Segment Information -
The Company is organized around two operating segments. The primary segment is
Management Consulting Services, provided through a network of offices throughout
the United States, Mexico and Guam; and Analytical Services provided through its
laboratory facility located in Maryland.
Accounting Irregularities -
On February 4, 2000, the Company reported that management had discovered
accounting irregularities related to unbilled revenue which will cause the
Company to restate earnings for the prior years. Upon discovering the
irregularities, the Company, through the Audit Committee of the Board of
Directors, began an intensive investigation and notified the appropriate
authorities.
On April 10, 2000, the Company further reported that the previously disclosed
investigation, conducted in association with the Company's current auditors,
PriceWaterhouseCoopers LLP, isolated the restatements to fiscal years 1999 and
1998. As previously disclosed, the cumulative effect of the restatements would
reduce pre-tax earnings $1.4 million.
On April 7, 2000, Arthur Anderson LLP, who served as the Company's auditors
through August 31, 1999, notified the Company by letter that its previously
issued reports on the financial statements of the Company for the years ended
August 31, 1999 and 1998 should no longer be relied upon.

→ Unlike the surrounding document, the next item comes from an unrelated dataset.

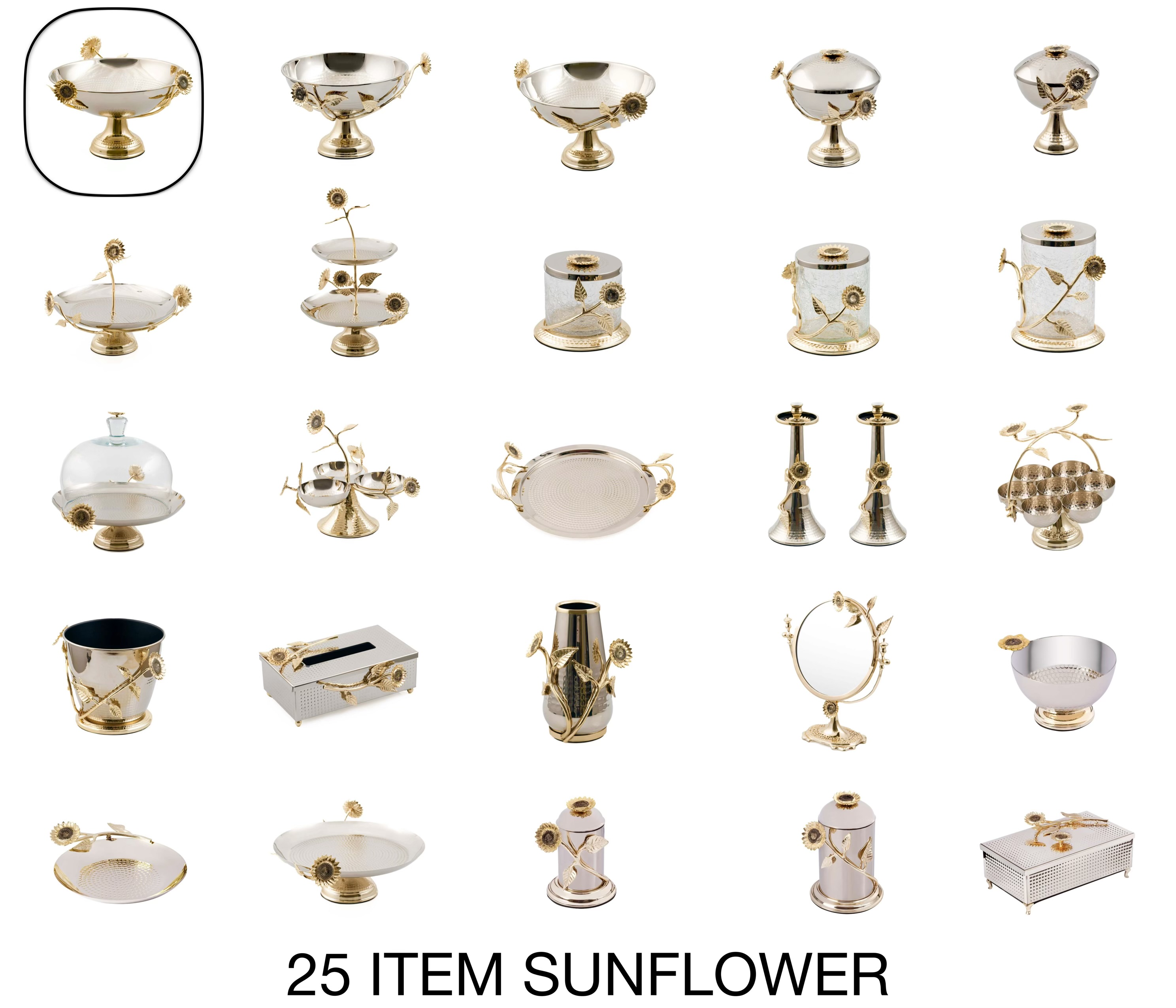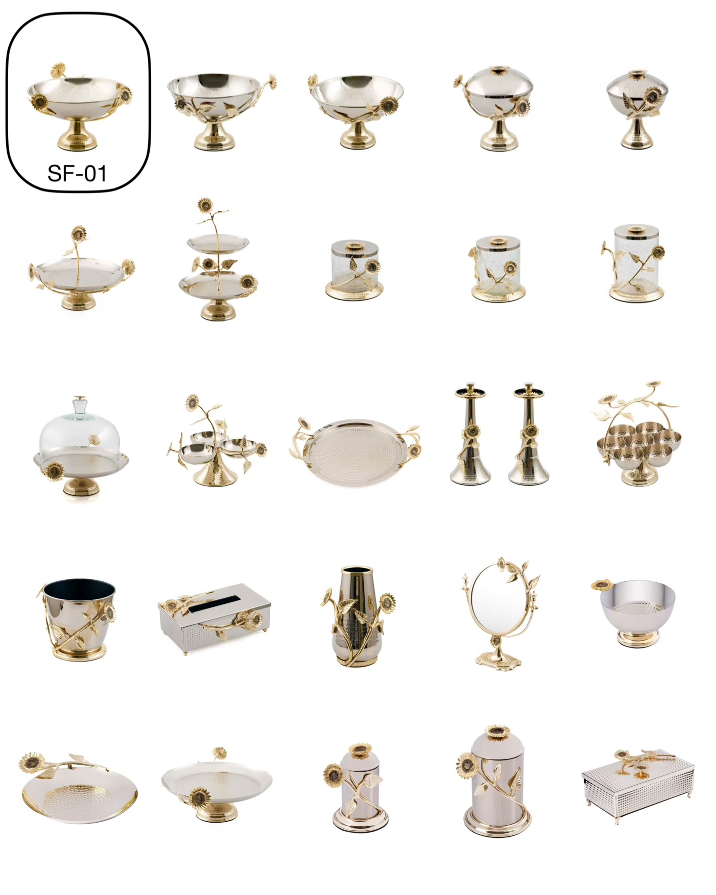 مجموعه Sunflower برنجی با 25 آیتم طرح گل آفتابگردان ، باکیفیتترین و جذابترین پذیرایی در ایران را ارائه میدهد.

The Audit Committee's investigation has been completed and, as a result of its
findings, the Company has restated its previously reported financial results for
fiscal years 1999 and 1998. The fiscal year 1998 financial information set forth
herein incorporates all relevant information obtained from the investigation. As
a result of the accounting irregularities, the Company will file audited
restated financial statements and related financial data schedule for the fiscal
years ended August 31, 1999 and August 31, 1998 on an amended Form 10-K/A for
the fiscal year ended August 31, 1999 and will file unaudited restated quarterly
financial statements and financial data schedule for the three months ended
November 30, 1999, 1998, and 1997; the six months ended February 29, 2000 and
February 28, 1999 and 1998; and the nine months ended May 31, 1999 and 1998 on
amended Forms 10-Q/A. The Company has provided a condensed reconciliation of the
financial statement amounts, which were reported in prior filings, to the
restated amounts, which are included in the financial statements presented in
this Form 10-Q/A (see Note 2).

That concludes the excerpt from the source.